## Data to examine
Segment Open

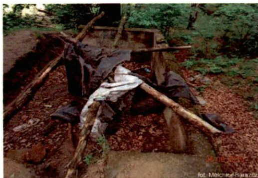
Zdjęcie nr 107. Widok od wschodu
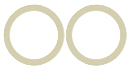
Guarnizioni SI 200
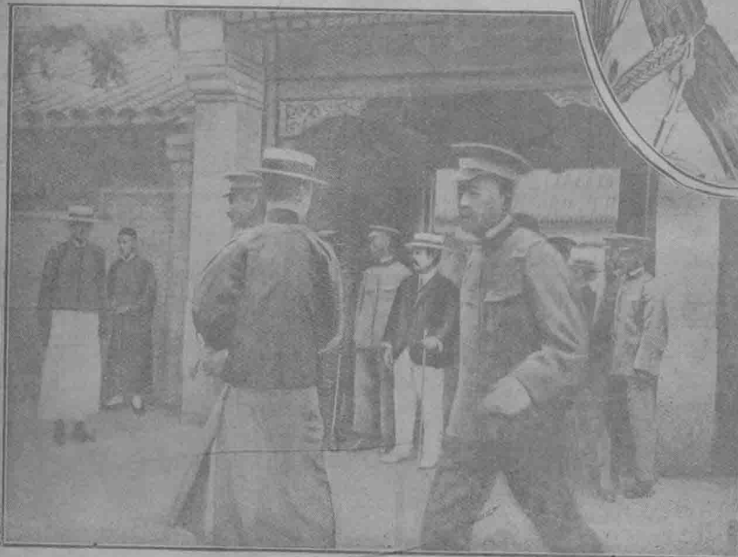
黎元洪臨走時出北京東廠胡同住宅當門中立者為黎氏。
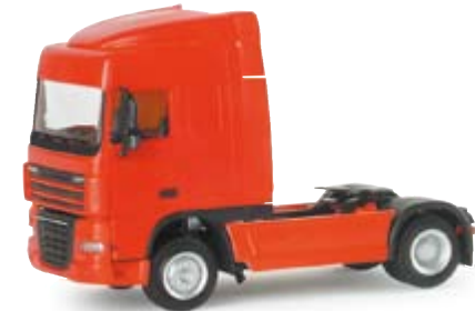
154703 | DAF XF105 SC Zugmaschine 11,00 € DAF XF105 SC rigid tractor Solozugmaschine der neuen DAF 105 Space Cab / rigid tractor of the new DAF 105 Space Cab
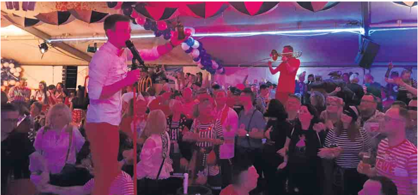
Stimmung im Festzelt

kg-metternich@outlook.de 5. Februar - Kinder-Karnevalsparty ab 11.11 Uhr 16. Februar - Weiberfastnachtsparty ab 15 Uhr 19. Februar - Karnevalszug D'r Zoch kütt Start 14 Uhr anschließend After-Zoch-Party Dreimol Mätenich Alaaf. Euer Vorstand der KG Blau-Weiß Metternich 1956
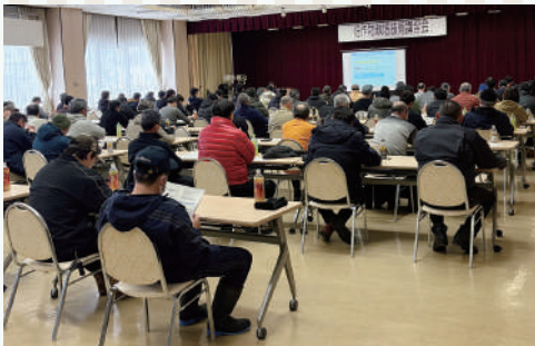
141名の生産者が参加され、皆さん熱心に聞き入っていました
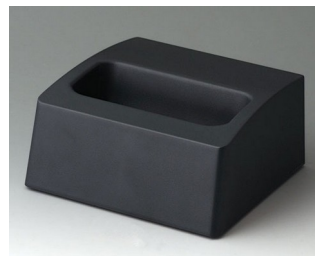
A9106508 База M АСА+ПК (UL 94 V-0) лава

Segment Closed
Segment Open

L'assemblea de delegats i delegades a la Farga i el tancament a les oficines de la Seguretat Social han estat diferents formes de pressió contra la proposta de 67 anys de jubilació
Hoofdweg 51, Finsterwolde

Segment Closed
Segment Open

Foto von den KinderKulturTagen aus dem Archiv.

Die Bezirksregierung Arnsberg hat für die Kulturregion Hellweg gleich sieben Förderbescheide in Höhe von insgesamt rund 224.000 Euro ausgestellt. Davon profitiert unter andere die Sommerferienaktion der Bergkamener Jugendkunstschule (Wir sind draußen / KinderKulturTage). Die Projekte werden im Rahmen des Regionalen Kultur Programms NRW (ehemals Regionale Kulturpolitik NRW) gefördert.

Segment Closed

## Work required
Could you output exactly the lines above, from the line with "Guarnizioni SI 200" up to and including the line with "Stimmung im Festzelt", and nothing else, skipping the pictures?

## Result of this exercise
Guarnizioni SI 200
黎元洪臨走時出北京東廠胡同住宅當門中立者為黎氏。
154703 | DAF XF105 SC Zugmaschine 11,00 € DAF XF105 SC rigid tractor Solozugmaschine der neuen DAF 105 Space Cab / rigid tractor of the new DAF 105 Space Cab
Stimmung im Festzelt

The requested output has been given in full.